Computational and Data Estimates
We will use a 200-node 2-week XK reservation and a 700-node 2-week XE reservation.
Computational Time
SGTs, CPU: 150 node-hrs/site x 286 sites x 2 models = 86K node-hours, XE nodes
SGTs, GPU: 90 node-hrs/site x 286 sites x 2 models = 52K node-hours, XK nodes
Study 13.4 had 29% overrun, so 1.29 x (86K + 52K) = 180K node-hours for SGTs
PP: 60 node-hrs/site x 286 sites x 4 models = 70K node-hours, XE nodes
Study 13.4 had 35% overrun on PP, so 1.35 x 70K = 95K node-hours
Total: 275K node-hours
Storage Requirements
Blue Waters
Unpurged disk usage to store SGTs: 40 GB/site x 286 sites x 4 models = 45 TB
Purged disk usage: (11 GB/site seismograms + 0.2 GB/site PSA + 690 GB/site temporary) x 286 sites x 4 models = 783 TB
SCEC
Archival disk usage: 12.3 TB seismograms + 0.2 TB PSA files on scec-04 (has 19 TB free) & 93 GB curves, disaggregations, reports, etc. on scec-00 (931 GB free)

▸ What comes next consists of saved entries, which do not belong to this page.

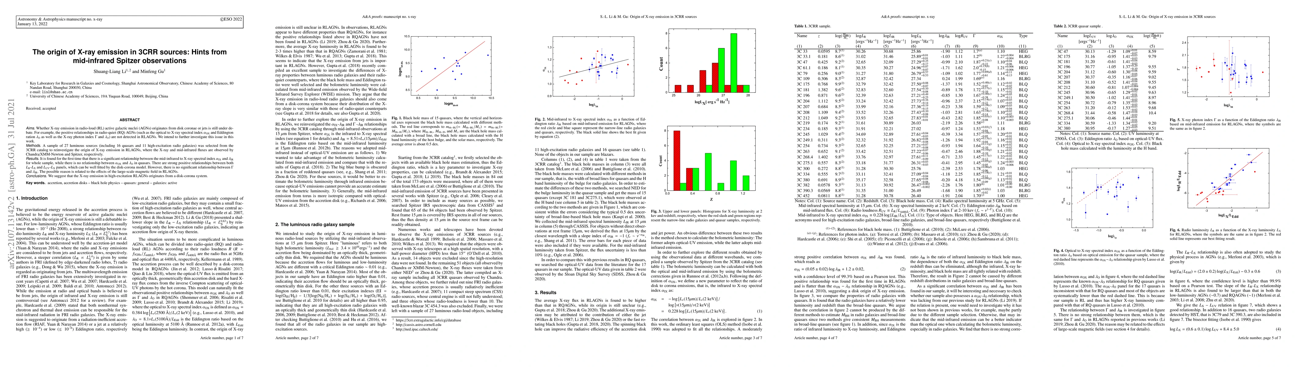 This paper investigates the origin of X-ray emission in radio-loud active galactic nuclei (AGNs) using Spitzer mid-infrared observations. It finds a significant correlation between mid-infrared and X-ray spectral indices, suggesting that X-ray emission in high-excitation radio-loud AGNs likely originates from a disk-corona system.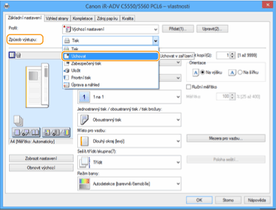 Vyberte [Uchovat] v části [Způsob výstupu].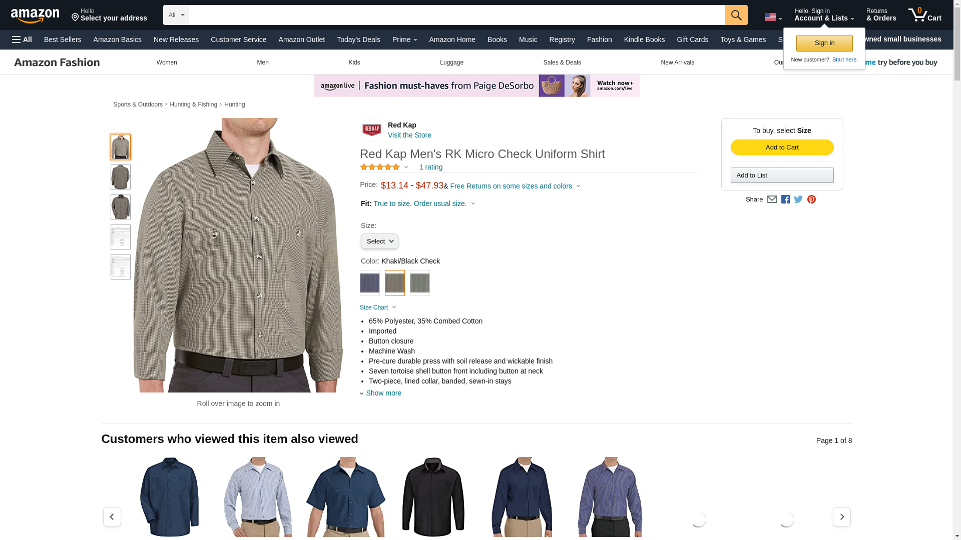 "Red Kap Men's Micro-Check Uniform Shirt, Khaki/Black Check, 3X-Large"

Database usage: 3 rows/rupture variation x 410K rupture variations/site x 286 sites x 4 models = 1.4 billion rows x 151 bytes/row = 210 GB (880 GB free on focal.usc.edu disk)
Temporary disk usage: 5.5 TB workflow logs. We're now not capturing the job output if the job runs successfully, which should save a moderate amount of space. scec-02 has 12 TB free.
Metrics
Before beginning the run, Blue Waters reports 15224 jobs and 387,386.00 total node hours executed by scottcal.